Icip-icip Makanan Sudan
2018-02-19 14:11:17 +0700 +07

Alhamdulillah kemarin sore seorang teman mengajak makan-makan di sedi beih, sudah 2 tahun keberadaanku disudan belum pernah sekali pun aku menginjakkan kaki di math’am (restoran) ini. dulu aku mengira tempat ini bukanlah restoran namun bagiku lebih mirip tempat menjual alat-alat elektronik, namun tenyata sedi beih adalah salah satu math’ah yang bersih dan lumayan terjangkau untuk saku mahasiswa.

Di asrama teman-teman dari Thailand sering memesan salah satu makanan yang ada di math’am ini yaitu fathirah, mereka menyediakan paket delivery jadi kita menelpon dan memberi tau alamat, maka pegawai math’am ini akan mengantar pesanan makanan ke alamat kita.

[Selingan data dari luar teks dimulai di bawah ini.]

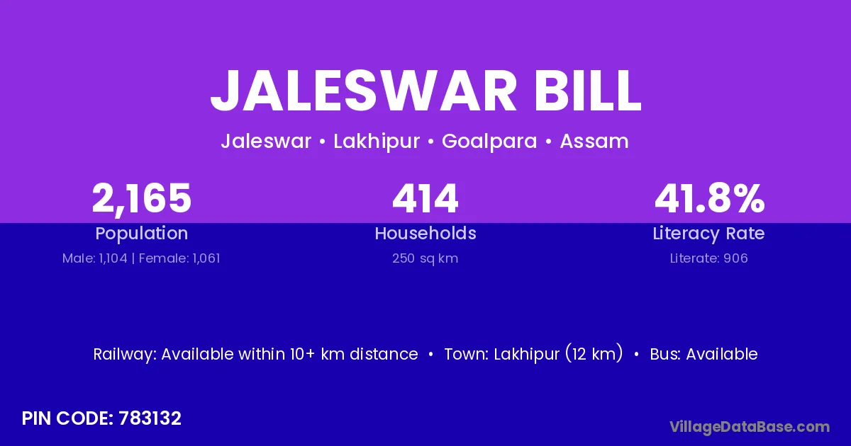 Lakhipur (12 km) is the nearest town to Jaleswar Bill village for major economic activities and is located approximately 12 km away.

Semenjak itulah aku mengenal fathirah, dan tentu saja menjadi tau sedi beih itu adalah math’am dan bukan tempat menjual barang-barang eletronik.

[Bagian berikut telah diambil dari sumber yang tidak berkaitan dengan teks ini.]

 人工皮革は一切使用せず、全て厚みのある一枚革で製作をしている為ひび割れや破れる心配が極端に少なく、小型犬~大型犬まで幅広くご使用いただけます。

Walaupun makanan pokok sudan adalah isy (roti) namun kebanyakan math’am disini menyediakan nasi juga, walaupun nasinya adalah nasi kuning, termasuk di math’am ini juga menyediakan nasi.

Sudah 2 tahun menetap di negeri dua nil ini namun belum sepenuhnya aku bisa menyukai makanan-makanan disini, setiap masuk math’am pasti aku akan bertanya : apakah disini menyediakan nasi???, karena kesehariannya biasa aku dan teman-teman masak sendiri di asrama dan jarang makan diluar, kecuali kalau sedang ada keperluan diluar seharian dan mewajibkan harus makan siang atau makan malam diluar.

Sedi beih ini terdiri dari dua lantai, tempatnya juga bersih dan nyaman, pelayannya juga ramah-ramah dan rapi, sepanjang pengamatanku pelayan nya semuanya laki-laki, aku dan teman-teman memilih untuk duduk dilantai dua, dilantai dua juga tersedia ruang VIP, kalau kita ingin duduk dalam ruangan VIP cukup menambahkan uang 10 Sdg., tak lama kemudian seorang pelyan datang dan membawa daftar menu makanan, dan inilah makanan yang aku dan kawan-kawan pilih…

fathirah

Ini adalah salah satu makanan disudan yang aku suka, namanya fathirah dari roti yang isi nya daging ayam atau daging lembu, tapi aku lebih suka isi nya daging ayam, rasanya gurih, terdiri dari irisan-irisan daging dan bumbu-bumbu serta mayones, roti tersebut dibakar dan ada taburan habbatussaudak(jintan hitam), tentunya dengan sedikit saos menambah lezat makanan ini.

firakh

Ini adalah firakh masywi sejenis ayam bakar tapi rasanya beda dengan ayam bakar di indonesia , mempunyai ciri khas rasa rempah-rempah disajikan dengan sedikit nasi kuning, ditambah irisan jeruk nipis dan tomat serta a’jur (sejenis mentimun), ditambah dengan kentang goreng dan jarjir (jenis sayur-sayuran untuk lalapan).

sallatah

Berikutnya adalah sallatah, irisan dari paprica, bawang, jarjir, tomat dan jeruk nipis serta ditaburi seledri ditambah dengan mayones dan dakwa (bumbu kacang sejenis bumbu ketoprak) menghiasi piring putih, makanan tersebut adalah sallatah, biasa nya sallatah ini tidak pernah ketinggalan ketika orang-orang sudan sarapan pagi atau siang.

syurbah

Sedangkan dicangkir kecil dinamakan dengan syurbah, kalau kita membuka kamus syurbah itu artinya sop, tapi jangan di bayangkan seperti sop yang ada di indonesia, syurbah ini terasa sekali rempah-rempahnya, biasa di math’am sengaja disediakan gratis, dengan sedikit perasan jeruk nipis dinikmati ketika masih hangat akan terasa nikmat bagi yang menyukai syurbah ini.

Ini hanya beberapa menu makanan yang tersedia di math’am sedi beih masih banyak makanan-makanan lain yang belum aku icip-icip ditempat ini, kalau minuman nya tersedia berbagai macam juice layaknya seperti di indonesia. dan jangan heran disetiap math’am hampir semua tersedia menu dari daging, walaupun ada satu atau dua math’am yang menyediakan menu seperti ikan.

Sedikit banyak nya kita semua bisa mengenal sudan selain lewat budaya juga lewat makanan nya yang khas, siapa tau suatu hari nanti anda bisa mengunjugi negara ini. menikmati detik-detik terakhir di negeri ini, ingin rasanya bisa wisata kuliner ke tempat-tempat lainnya.